Personal information
- Full name: David Klein
- Date of birth: 13 August 1973 (age 52)
- Place of birth: Mulhouse, France
- Height: 1.85 m (6 ft 1 in)
- Position(s): Goalkeeper

Team information
- Current team: Auxerre B (gk coach)

Senior career*
- Years: Team / Apps / (Gls)
- 1995–1998: Strasbourg / 8 / (0)
- 1998: Toulouse / 0 / (0)
- 1998–2000: Ajaccio / 62 / (0)
- 2000–2001: Metz / 2 / (0)
- 2001: Clydebank / 1 / (0)
- 2001: Partick Thistle / 5 / (0)
- 2001: Martigues / 9 / (0)
- 2001–2002: Clermont Foot / 2 / (0)
- 2002–2003: Martigues / 37 / (0)
- 2003: La Roche-sur-Yon / 3 / (0)
- 2003–2006: Valenciennes / 102 / (0)
- 2006–2007: Niort / 48 / (0)
- 2008–2009: RC Strasbourg / 0 / (0)

Managerial career
- 2009–2010: RC Strasbourg B (gk coach)
- 2010–2011: RC Strasbourg (gk coach)
- 2011–2014: Valenciennes B (gk coach)
- 2014–2017: Valenciennes (gk coach)
- 2018–2019: Mauritania (gk coach)
- 2019–: Auxerre B (gk coach)

= David Klein (footballer) =

French footballer (born 1973)

David Klein (born 13 August 1973) is a retired French goalkeeper and current goalkeeper coach of Auxerre's B-team.

== Career ==
After retiring at the end of the 2008-09 season, Klein started that same summer as goalkeeping coach for RC Strasbourg's B team. In the summer of 2010, he stepped up as goalkeeping coach of the club's first team squad, replacing Alexander Vencel (footballer, born 1967), under new manager Laurent Fournier.

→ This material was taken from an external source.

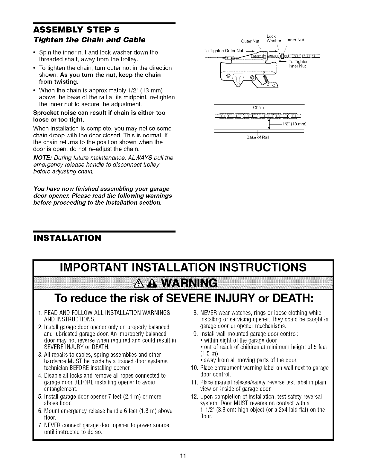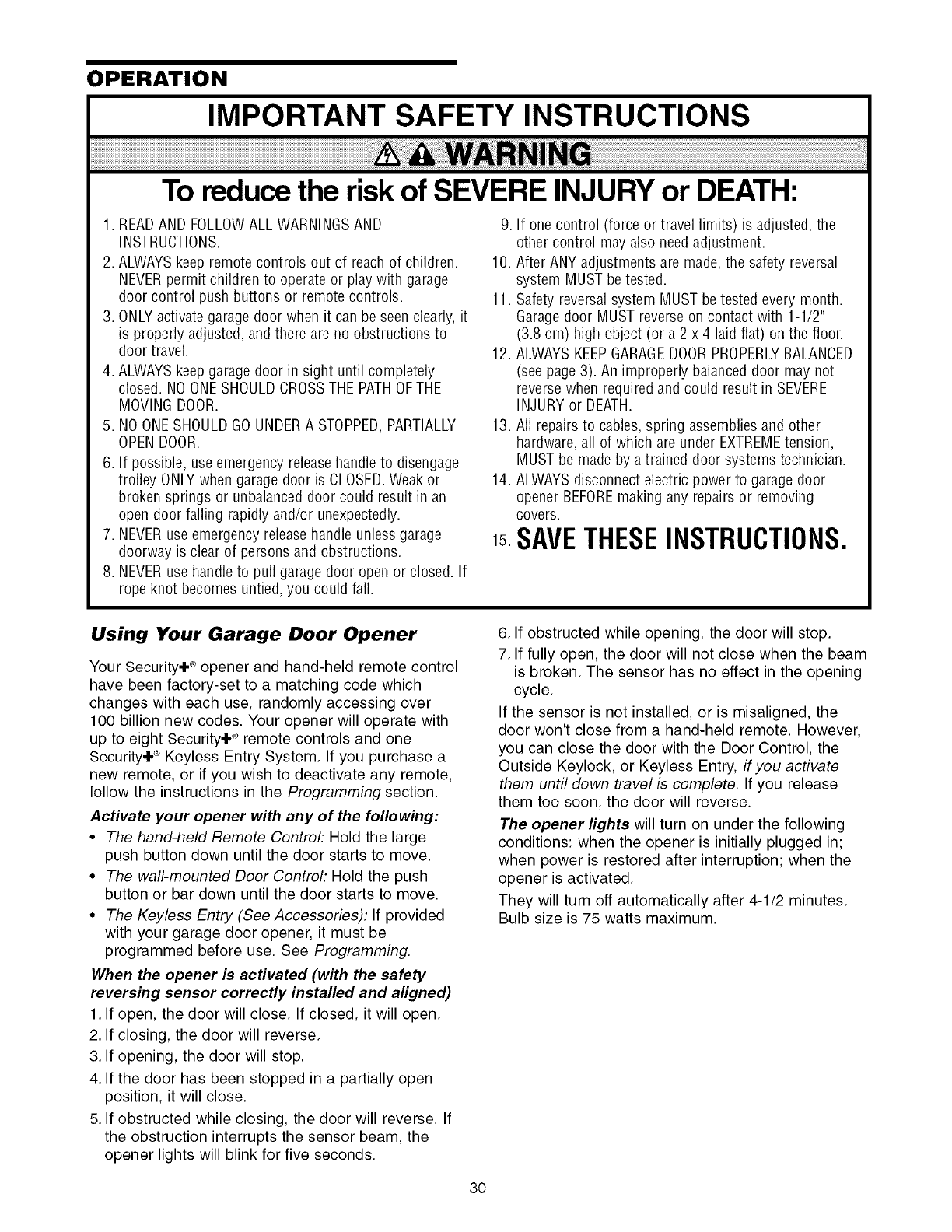 This garage door opener has been designed and tested to offer safe service provided it is installed, operated,
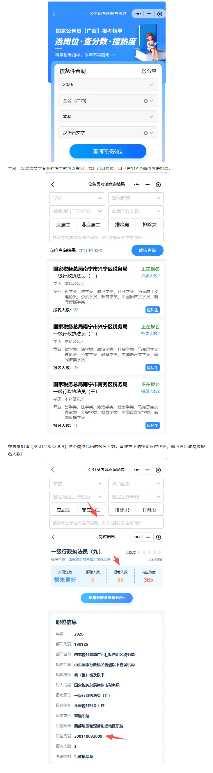 更多崗位報名詳細內容請使用公考天眼查詢,在這里,你能清晰查看各個崗位的官方報考人數(shù)、本系統(tǒng)崗位熱度,崗位報名條件,入面分數(shù)和錄取分數(shù),這些數(shù)據(jù)都是經過精準整理與分析的,能為你的選崗提供有力參考。

In the summer of 2011 he was hired in the same position for Valenciennes' B team. Ahead of the 2014-15 season, Klein was promoted to the first team squad as goalkeeping coach under manager Faruk Hadžibegić's staff. In May 2017, it was confirmed that Klein's contract was not extended and he left the club.

Not long after leaving Valenciennes, Klein started his own goalkeeping academy. Among other things, Klein, under his own goalkeeping academy 'J4K Valenciennes', was responsible for goalkeeper training at the club La Sentinelle, which played in the Hauts-de-France league in France.

In the 2018-19 season, Klein was the goalkeeping coach for the Mauritania national football team ahead of the 2019 Africa Cup of Nations.

Ahead of the 2019-20 season, Klein was appointed goalkeeper coach of Auxerre's reserve team.